§ **TASK ITEM**
Copy the data below exactly, but not the pictures it contains.

§ **COLLECTED MATERIAL**
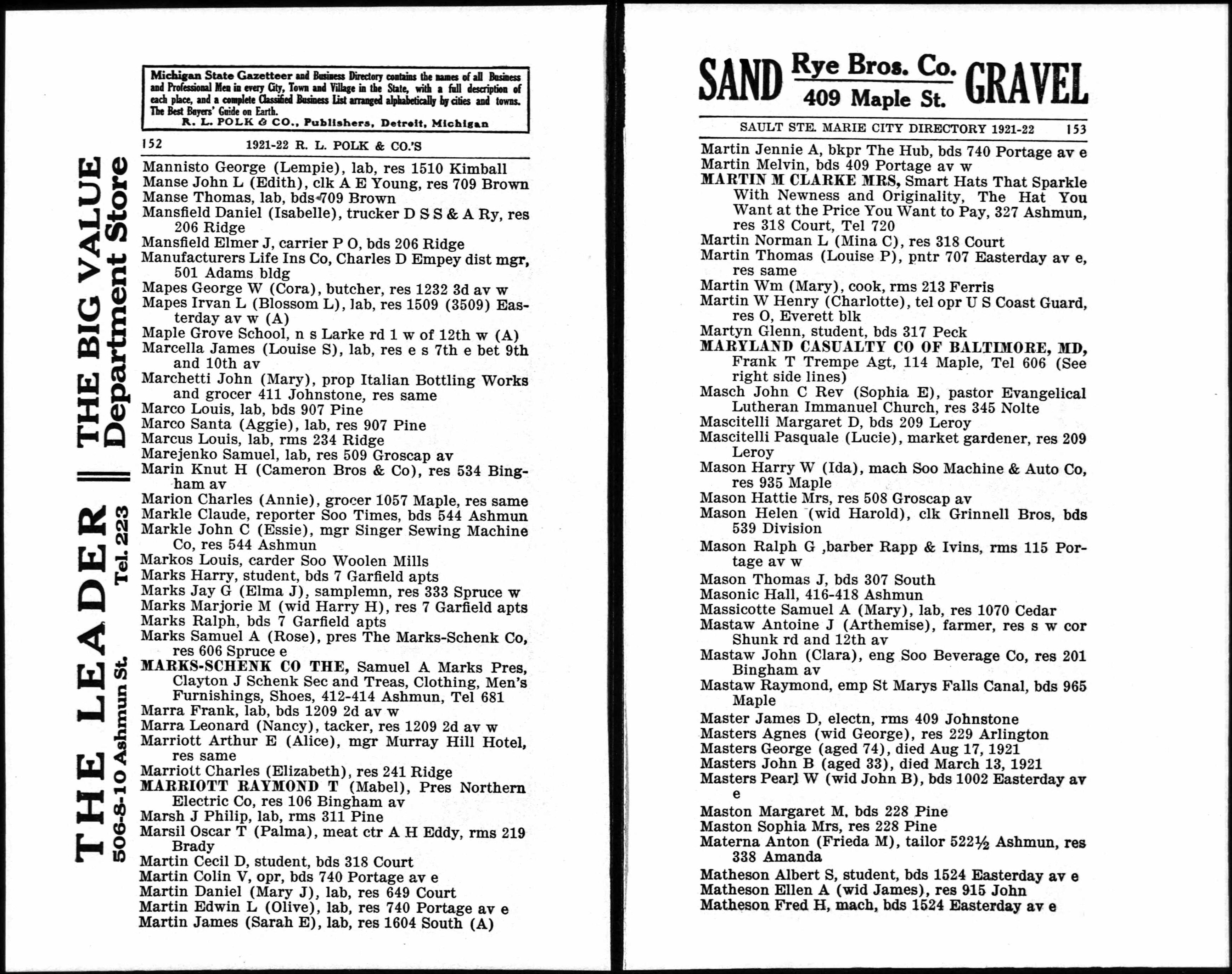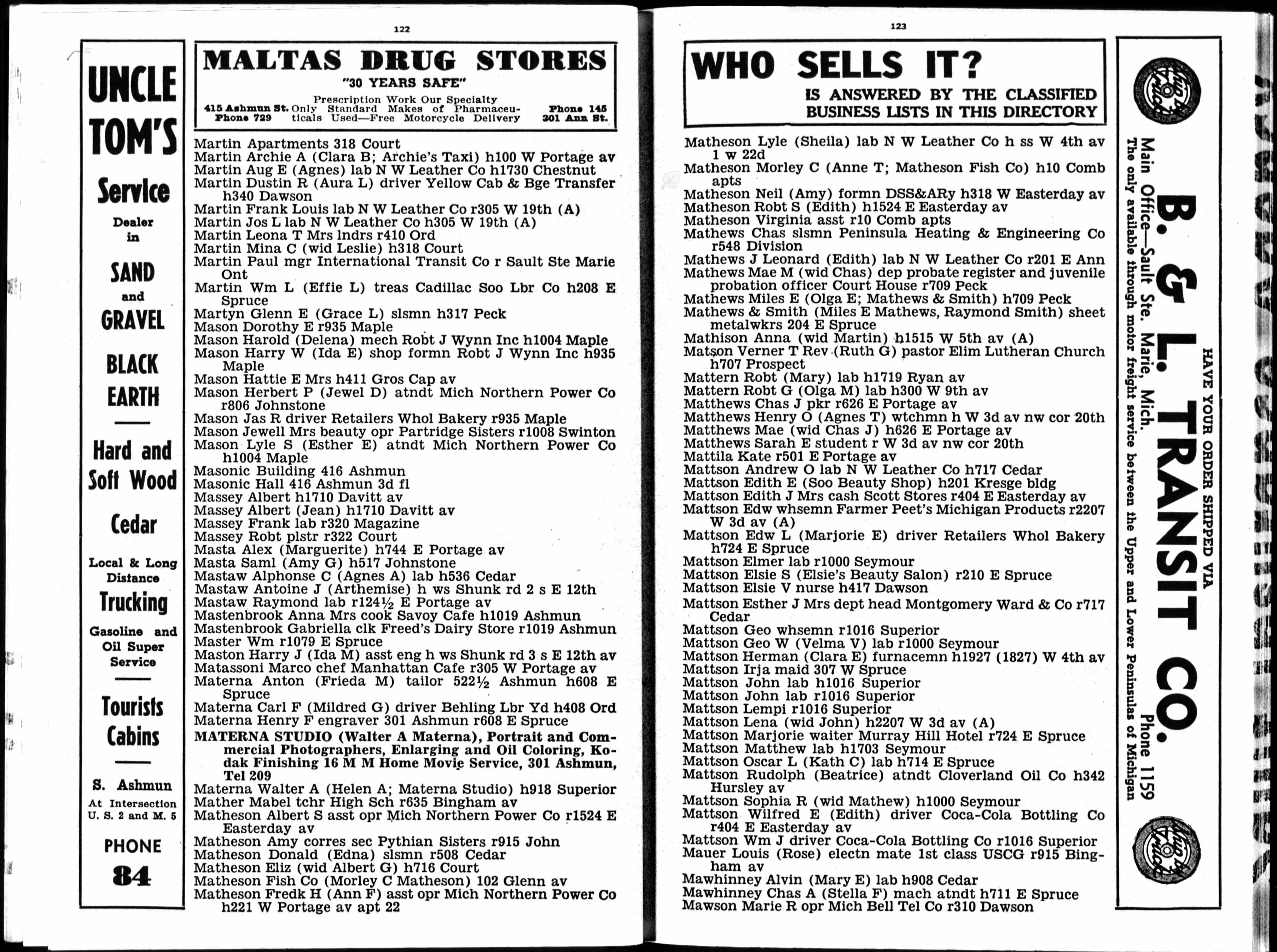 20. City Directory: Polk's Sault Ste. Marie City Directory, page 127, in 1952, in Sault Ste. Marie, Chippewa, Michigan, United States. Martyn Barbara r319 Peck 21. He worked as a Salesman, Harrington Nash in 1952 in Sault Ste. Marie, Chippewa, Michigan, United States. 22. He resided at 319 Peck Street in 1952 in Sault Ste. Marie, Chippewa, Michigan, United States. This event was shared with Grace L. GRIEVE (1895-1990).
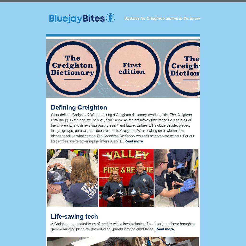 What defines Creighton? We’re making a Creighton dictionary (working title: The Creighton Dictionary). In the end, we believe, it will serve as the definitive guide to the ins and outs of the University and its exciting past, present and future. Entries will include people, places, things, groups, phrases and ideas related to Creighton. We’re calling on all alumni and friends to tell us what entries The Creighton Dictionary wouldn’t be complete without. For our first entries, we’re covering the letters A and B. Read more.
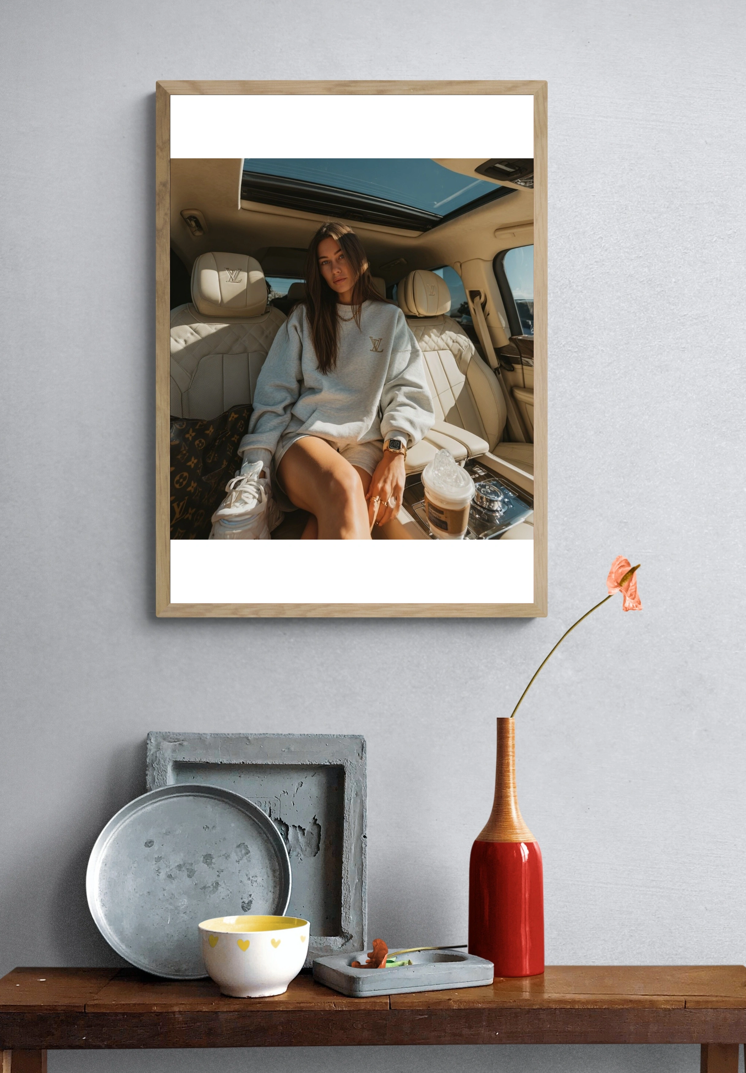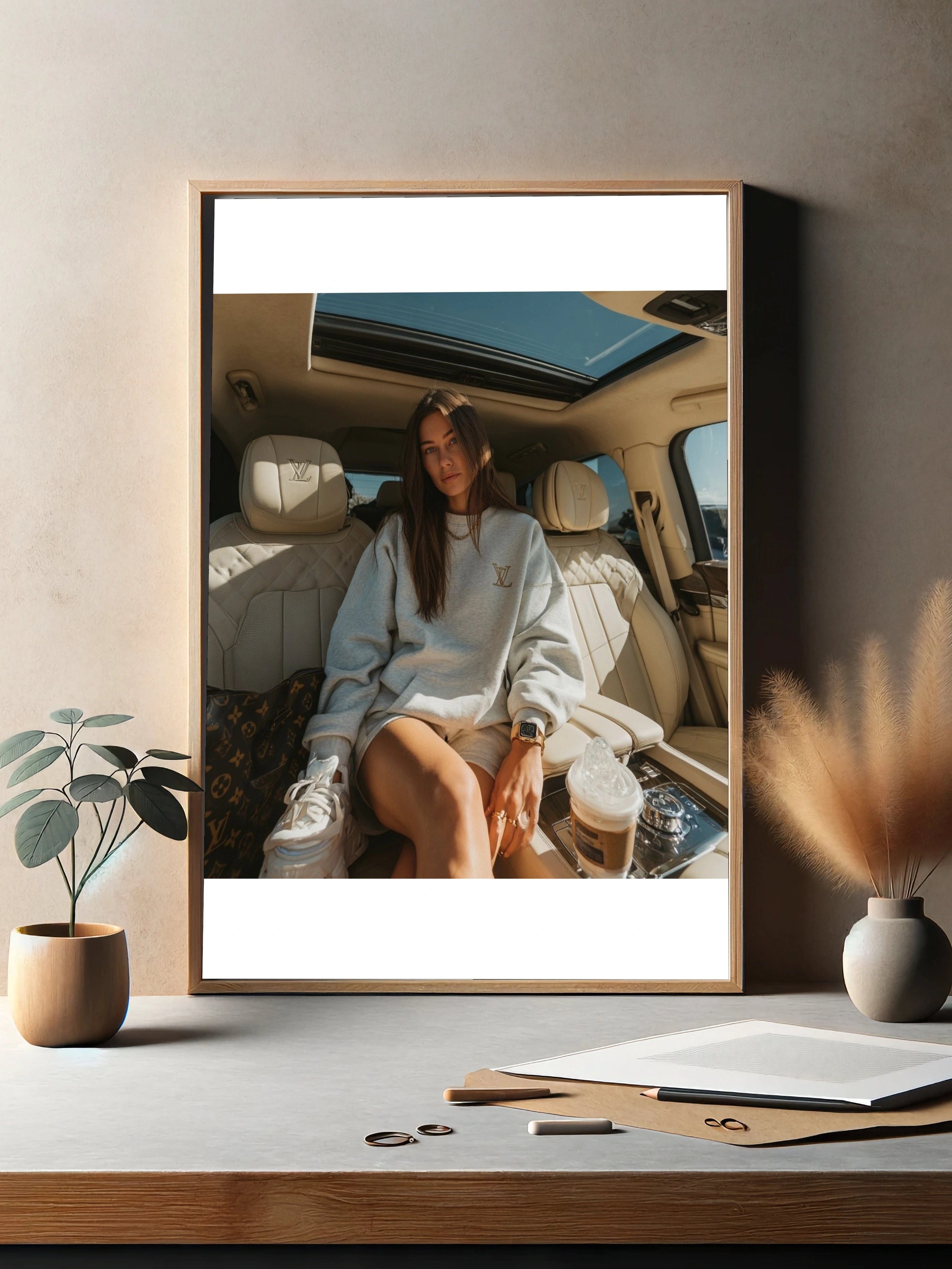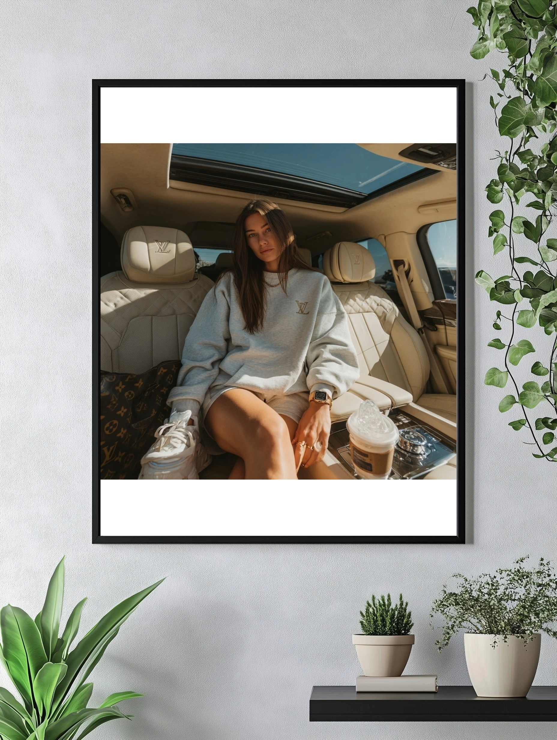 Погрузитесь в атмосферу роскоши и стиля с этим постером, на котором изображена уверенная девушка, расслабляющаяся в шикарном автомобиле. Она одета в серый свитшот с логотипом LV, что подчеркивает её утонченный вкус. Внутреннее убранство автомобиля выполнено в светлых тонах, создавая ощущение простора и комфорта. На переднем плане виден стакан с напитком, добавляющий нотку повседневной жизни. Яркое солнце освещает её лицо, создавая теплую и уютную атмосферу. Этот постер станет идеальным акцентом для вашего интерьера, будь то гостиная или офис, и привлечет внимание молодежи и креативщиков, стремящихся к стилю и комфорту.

§ **FINAL ANSWER**
 20. City Directory: Polk's Sault Ste. Marie City Directory, page 127, in 1952, in Sault Ste. Marie, Chippewa, Michigan, United States. Martyn Barbara r319 Peck 21. He worked as a Salesman, Harrington Nash in 1952 in Sault Ste. Marie, Chippewa, Michigan, United States. 22. He resided at 319 Peck Street in 1952 in Sault Ste. Marie, Chippewa, Michigan, United States. This event was shared with Grace L. GRIEVE (1895-1990).
 What defines Creighton? We’re making a Creighton dictionary (working title: The Creighton Dictionary). In the end, we believe, it will serve as the definitive guide to the ins and outs of the University and its exciting past, present and future. Entries will include people, places, things, groups, phrases and ideas related to Creighton. We’re calling on all alumni and friends to tell us what entries The Creighton Dictionary wouldn’t be complete without. For our first entries, we’re covering the letters A and B. Read more.
 Погрузитесь в атмосферу роскоши и стиля с этим постером, на котором изображена уверенная девушка, расслабляющаяся в шикарном автомобиле. Она одета в серый свитшот с логотипом LV, что подчеркивает её утонченный вкус. Внутреннее убранство автомобиля выполнено в светлых тонах, создавая ощущение простора и комфорта. На переднем плане виден стакан с напитком, добавляющий нотку повседневной жизни. Яркое солнце освещает её лицо, создавая теплую и уютную атмосферу. Этот постер станет идеальным акцентом для вашего интерьера, будь то гостиная или офис, и привлечет внимание молодежи и креативщиков, стремящихся к стилю и комфорту.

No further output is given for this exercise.